There is then clearly a consensus on the metaphor, but that should not be mistaken for an agreement on any substantive issues. Nor for that matter should we assume that the metaphor tells us anything particular or even useful about our immigration system and what's wrong with it.
Consider first what a metaphor is. Typical dictionary definitions describe it as (1) a figure of speech in which a term or phrase is applied to something to which it is not literally applicable in order to suggest a resemblance, as in "A mighty fortress is our God," or (2) something used, or regarded as being used, to represent something else; emblem; symbol.
It is clear that "the system is broken" cannot be understand as part of the first, primary understanding or usage of that the term since the phase doesn't contain a comparative term: broken as compared to what?
So it is in the second sense of the term that the "broken" metaphor is used, as "something to represent something else; emblem; symbol." And here we can begin to see the trouble with that phrase. What is that something else that is being represented?
The best answer to that question is that the "system is broken metaphor" reflects an combined set of assumptions operating as assertions that: (1) the current system isn't working as intended, (2) that its current operation is causing major and avoidable social, economic, and political problems, (3) that (obviously) what is "broken" must be fixed, and (4) that the way to fix the broken system is through "comprehensive immigration reform."
In fact a closer analysis of these assumptions suggests that the first and fourth assertions are factually incorrect, and that only the second assertion has a great deal of empirical evidence to support.
The current system is working as intended in so far as it reflects congressional policy to base the American immigration system primarily on the principle of family reunification and to ensure a loose immigration enforcement policy. That dual focus may result in many consequent problems: there are not enough spaces for skilled workers, the system creates enormous backlogs, there are not enough spaces for those who want to come so immigrants come into the country illegally, it is relatively easy for undocumented immigrants to work here, and so on. All these may be consequences of the ways in which the system was structured, but it cannot be seriously argued that this policy was not the explicit intent of Congress.

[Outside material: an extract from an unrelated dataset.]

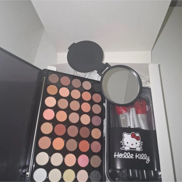 Contiene 3 productos. - Paleta con 35 sombras de ojos en tonos neutros y rosados. - Incluye un espejo. - Estuche con brochas con diseño de Hello Kitty.

This is important to understand because to the extent that the current immigration policy structure created the problems that are now the basis for calls to fix "the broken system," we had better be clear about what lies at the core of our immigration dilemmas.
As to the assertion/assumption that the only way to fix our "broken system" is to undertake "comprehensive immigration reform," another metaphorical favorite, as with so many now-hackneyed immigration phrases, it depends what you mean by the term. And it will be no surprise that understandings differ.
The "system is broken" metaphor actually tells us very little. It doesn't say what is broken or why and how it became broken. Without those understandings "reform" is likely to falter. Nor does it supply any comparative analysis of what alternatives might, or might not, work given that basic, necessary, and preliminary analysis.
In the end, it is simply a rhetorical meme used by those whose strategy is to use a phrase so vague that it can appear to reflect a consensus. But that consensus is illusionary. Beneath that metaphor lies a shifting landscape that is coalescing around a quite different set of policy positions that have one basic theme: enforce our immigration laws.